# Question- God must allow evil to exist in order to allow free will to exist



## Timmay (Sep 2, 2016)

Help me work through why this statement can't be. 


https://www.youtube.com/watch?v=7jNX2rS7K4A

Ravi Zacharias shows how God must allow evil to exist in order to allow free will to exist. Free will must exist in order for us to Love.


----------



## MW (Sep 2, 2016)

I haven't watched the video, so I can't speak to that; but the point itself, if I have read it correctly, is a commonplace in theodicy. It brings out the fact that God has higher reasons for permitting sin; and one of the more obvious ones is that it gives man the freedom of his choices and traces the nature of sin back to its source in the will of man.
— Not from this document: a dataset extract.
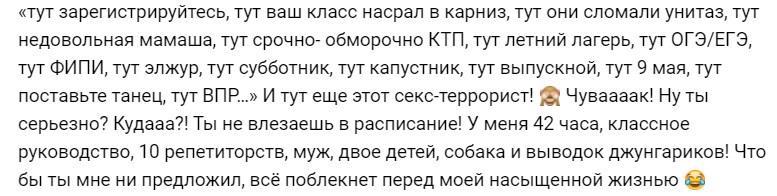 Короче, живо ещё российское образование, если у заваленных работой учителей, несмотря ни на что, всё-таки срабатывает чувство юмора!)
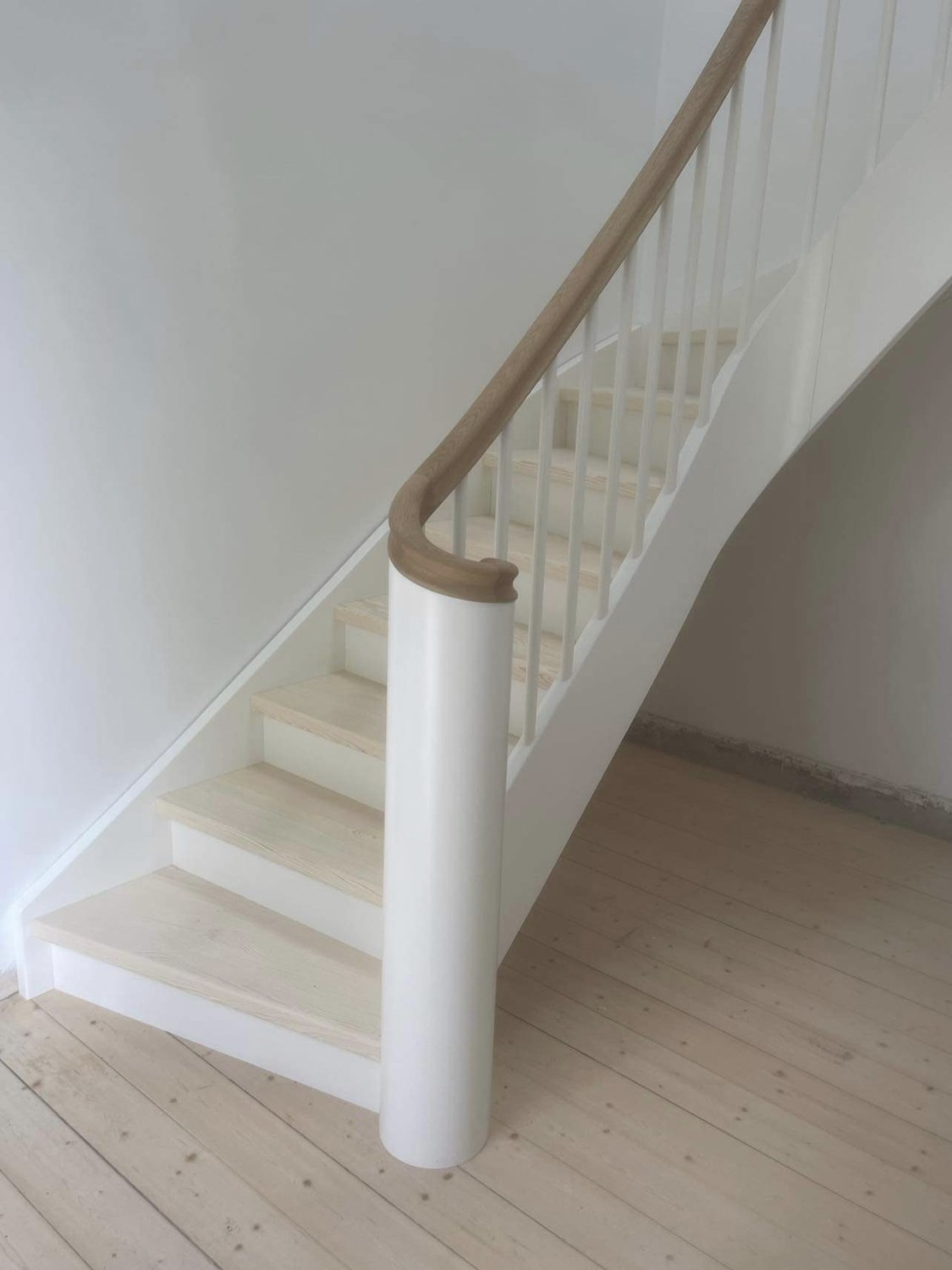 Vi designer flere forskellige typer kvartsvingstrapper. Den mest almindelige type består af en start stolpe, midterstolpe og en stolpe ved udtrinnet. Ønsker man en mere ekslusiv trappe kan trappen laves med et hovedstykke og en håndlistekrumning. Kvartsvingstrappen kan også laves med repos.

Love can be considered as an act of the will. With benevolence the will chooses to do good for the sake of profiting another. With complacence the will rests with delight in its like object.


----------



## Afterthought (Sep 2, 2016)

MW said:


> I haven't watched the video, so I can't speak to that; but the point itself, if I have read it correctly, is a commonplace in theodicy. It brings out the fact that God has higher reasons for permitting sin; and one of the more obvious ones is that it gives man the freedom of his choices and traces the nature of sin back to its source in the will of man.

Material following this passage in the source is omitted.